(What is required)
Given the entries below, would you transcribe exactly the lines starting at the one with "MERCEDES BENZ A CLASS 2020 г., лот № 5016" and ending at the one with "Elementary, цоколь - E14, мощность", both kept, pictures omitted, nothing extra?

(Supplied data)
◇ ◇ ◇ ◇ ◇ ◇ ◇

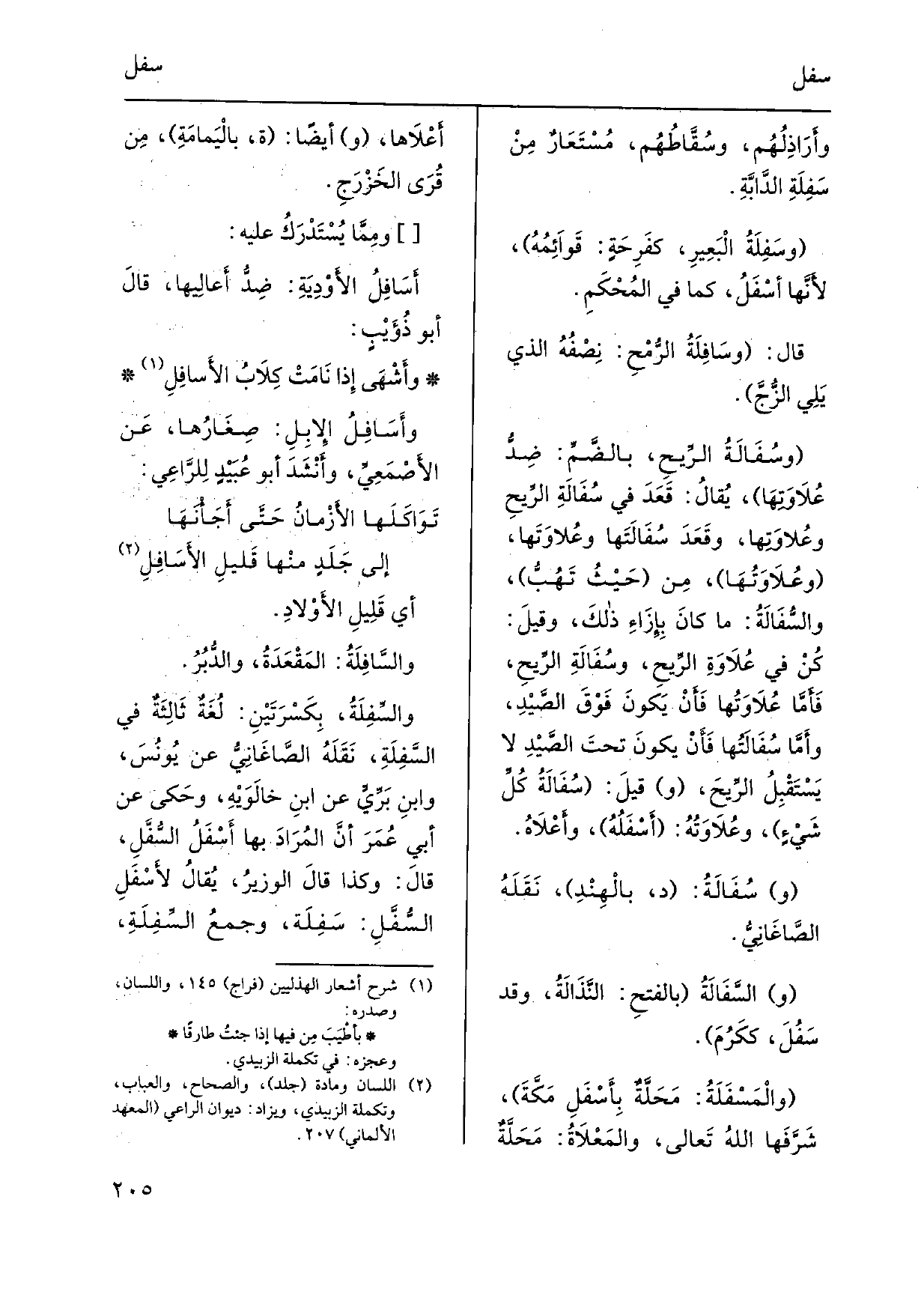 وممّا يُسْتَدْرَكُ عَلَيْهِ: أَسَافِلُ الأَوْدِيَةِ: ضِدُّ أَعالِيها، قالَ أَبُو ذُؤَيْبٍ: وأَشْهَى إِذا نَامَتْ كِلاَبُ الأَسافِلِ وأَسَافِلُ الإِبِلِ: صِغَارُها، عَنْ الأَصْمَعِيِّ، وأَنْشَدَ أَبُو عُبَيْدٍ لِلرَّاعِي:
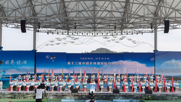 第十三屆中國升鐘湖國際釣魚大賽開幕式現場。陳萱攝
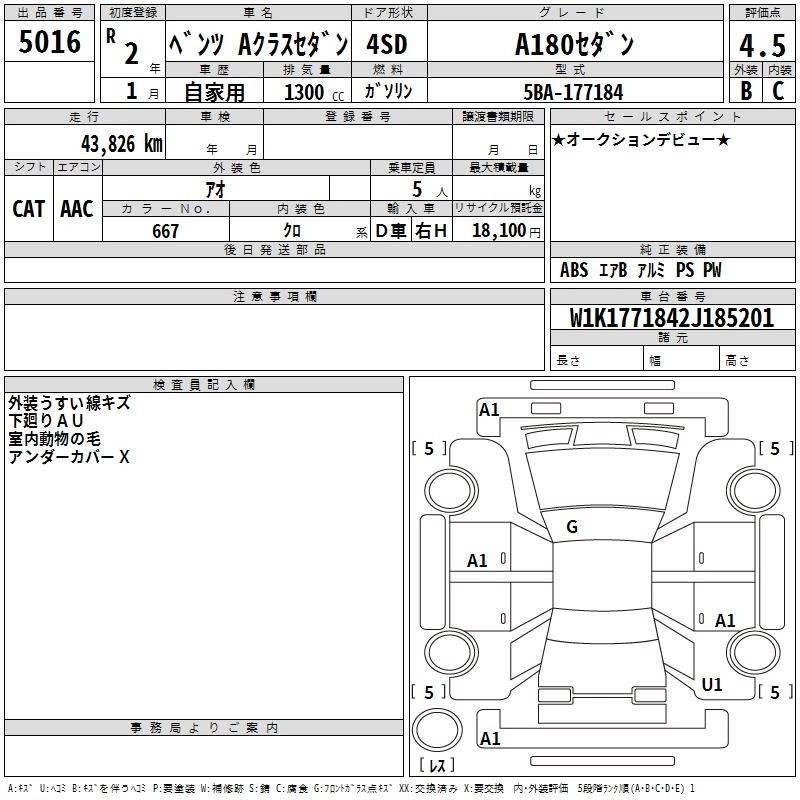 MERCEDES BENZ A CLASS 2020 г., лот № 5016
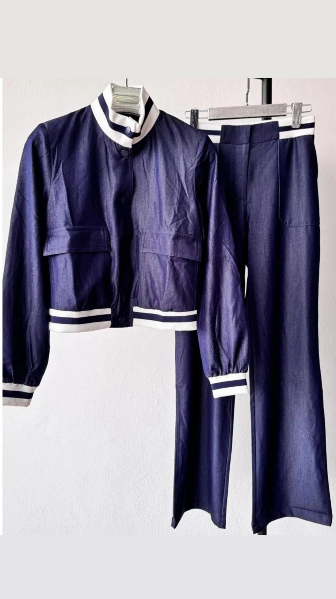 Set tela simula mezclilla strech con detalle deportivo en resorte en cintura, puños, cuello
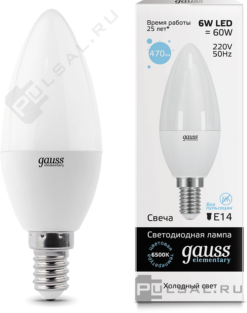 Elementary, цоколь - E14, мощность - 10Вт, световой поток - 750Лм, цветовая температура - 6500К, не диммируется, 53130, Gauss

◇ ◇ ◇ ◇ ◇ ◇ ◇

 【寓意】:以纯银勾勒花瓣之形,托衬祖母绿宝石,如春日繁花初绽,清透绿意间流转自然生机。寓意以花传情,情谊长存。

◇ ◇ ◇ ◇ ◇ ◇ ◇

(Output for this task)
 MERCEDES BENZ A CLASS 2020 г., лот № 5016
 Set tela simula mezclilla strech con detalle deportivo en resorte en cintura, puños, cuello
 Elementary, цоколь - E14, мощность - 10Вт, световой поток - 750Лм, цветовая температура - 6500К, не диммируется, 53130, Gauss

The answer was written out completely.